- _TASK_
Return the line containing "It features an" and every line beneath it through the end of the entries below, unchanged. Pictures stay out.

** DATASET ENTRIES follows **

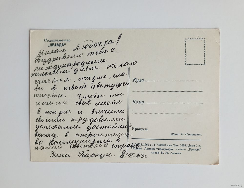 Открытка Крокусы. Фото Е.Игнатович 1962 г. Подписана
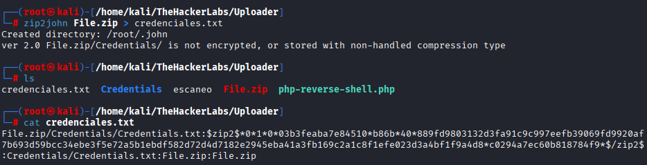 Como es un ZIP protegido, lo que tenemos que hacer es convertir el ZIP a un formato crackeable por JohnTheRipper por ejemplo y lo alojamos en credenciales.txt
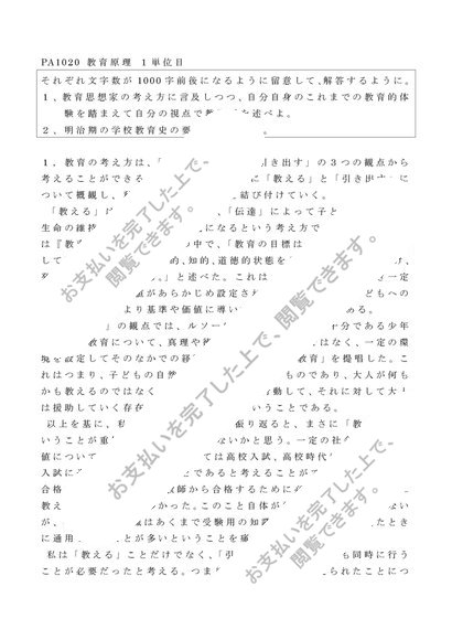 明星大学 PA1020 教育原理(2019年) 1単位目(2020,21年対応)
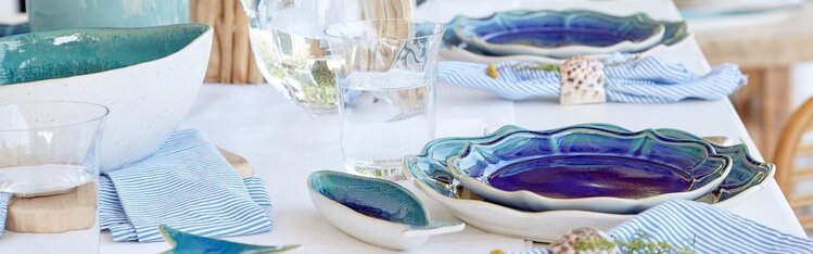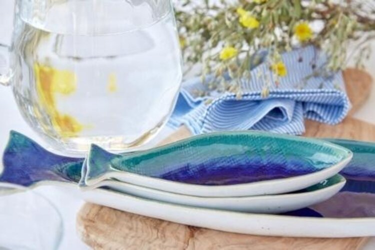 It features an appealing set of dining pieces, combined with fish-shaped serveware and appetizer items that are both functional and decorative.
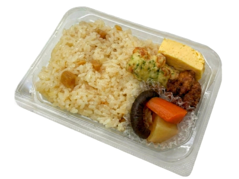 季たけのこを混ぜ込んだだしご飯に、煮物・揚物・焼き物をバランス良く合わせました。
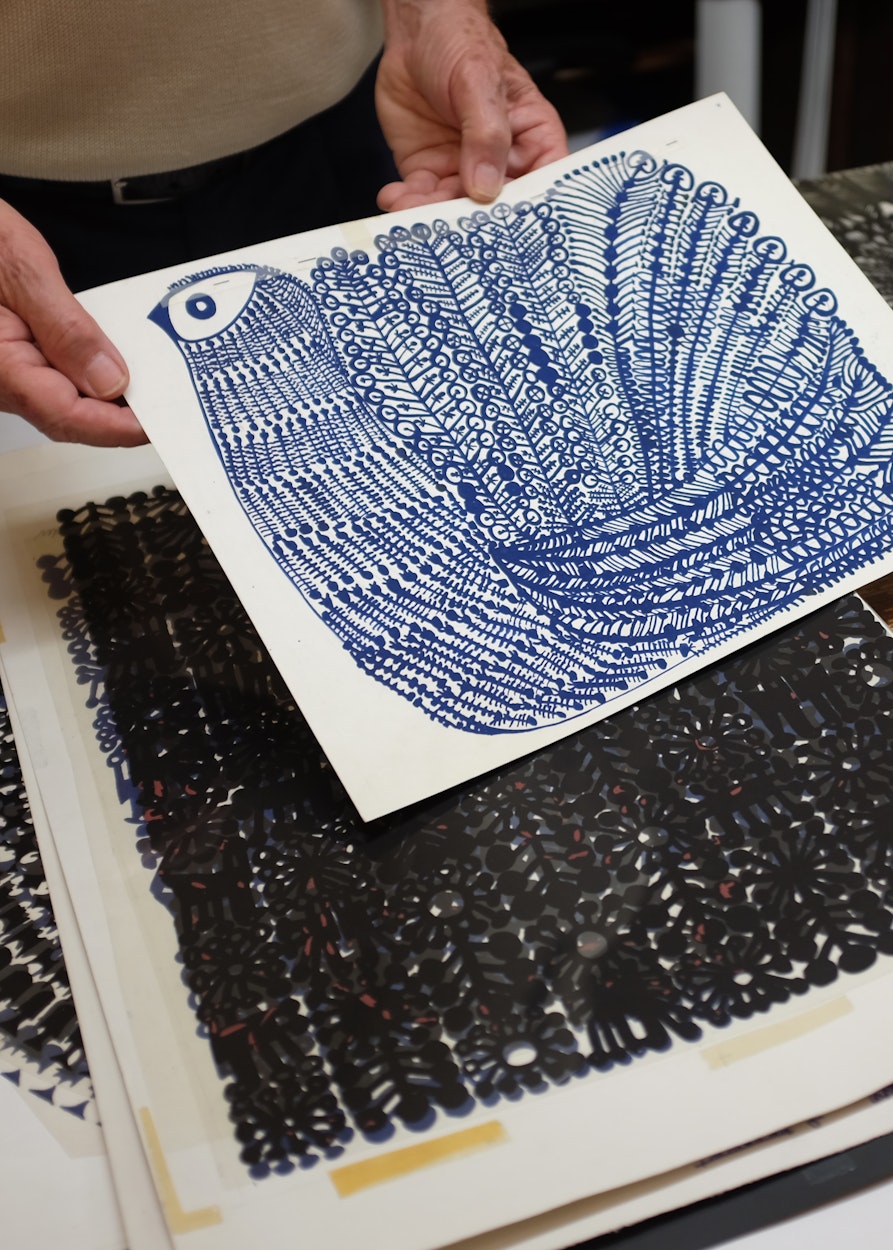 È in questa occasione che i due designer scoprono alcune delle stoffe serigrafate realizzate da Handdruck, collettivo che Aufschnaiter fondò nel 1973 assieme a un gruppo di quattro designer e artisti internazionali nei primi anni settanta. L’intera produzione, si svolse nel laboratorio di stampa serigrafica costruito nel retro del negozio e venne interrotta nel 1993. Da allora, i telai sono andati perduti e a dare traccia della loro pratica rimangono solo i disegni originali ed alcune stoffe invendute.

** End of DATASET ENTRIES **

- _OUTPUT_
 It features an appealing set of dining pieces, combined with fish-shaped serveware and appetizer items that are both functional and decorative.
 季たけのこを混ぜ込んだだしご飯に、煮物・揚物・焼き物をバランス良く合わせました。
 È in questa occasione che i due designer scoprono alcune delle stoffe serigrafate realizzate da Handdruck, collettivo che Aufschnaiter fondò nel 1973 assieme a un gruppo di quattro designer e artisti internazionali nei primi anni settanta. L’intera produzione, si svolse nel laboratorio di stampa serigrafica costruito nel retro del negozio e venne interrotta nel 1993. Da allora, i telai sono andati perduti e a dare traccia della loro pratica rimangono solo i disegni originali ed alcune stoffe invendute.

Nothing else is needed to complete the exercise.